Data extract:
○ ○ ○

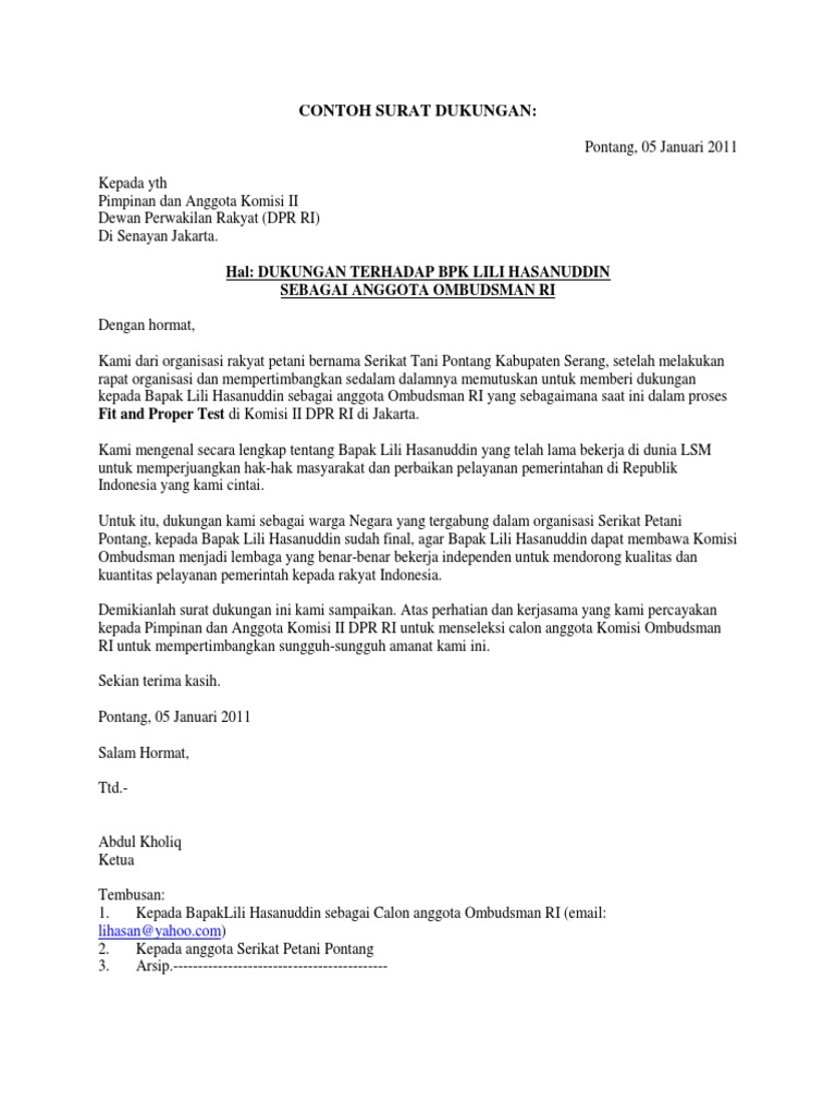 Kumpulan gambar artikel contoh surat dukungan masyarakat yang baik dan benar 2019.
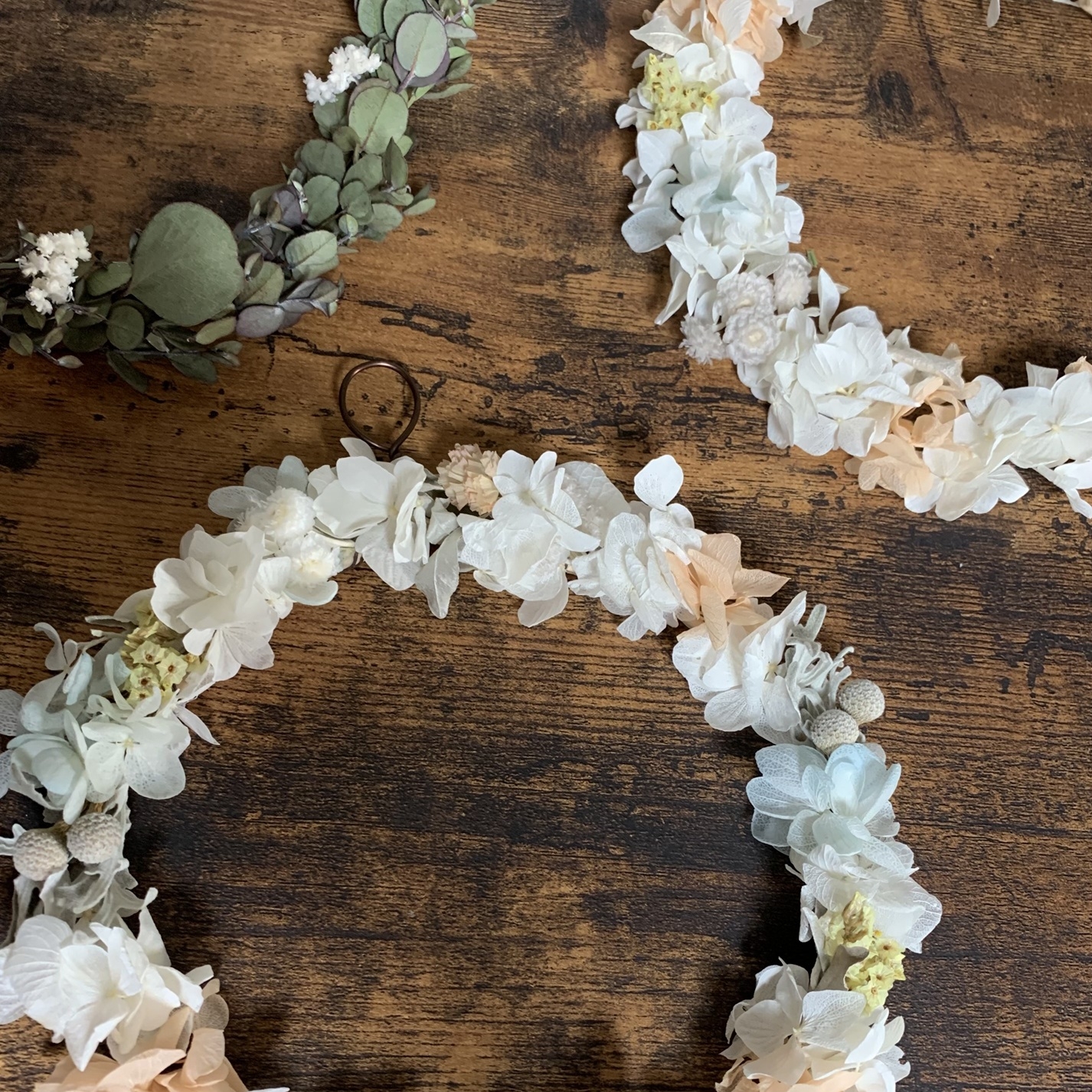 ドライフラワーのリース、スワッグなど
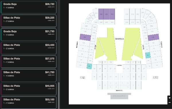 En la página de reventa se aprecian tickets de ‘sillas de pista’ por hasta 50 mil 100 pesos.

○ ○ ○

Aim of the task:
Hand back every line of the material, exactly, without the pictures.

Your solution:
 Kumpulan gambar artikel contoh surat dukungan masyarakat yang baik dan benar 2019.
 ドライフラワーのリース、スワッグなど
 En la página de reventa se aprecian tickets de ‘sillas de pista’ por hasta 50 mil 100 pesos.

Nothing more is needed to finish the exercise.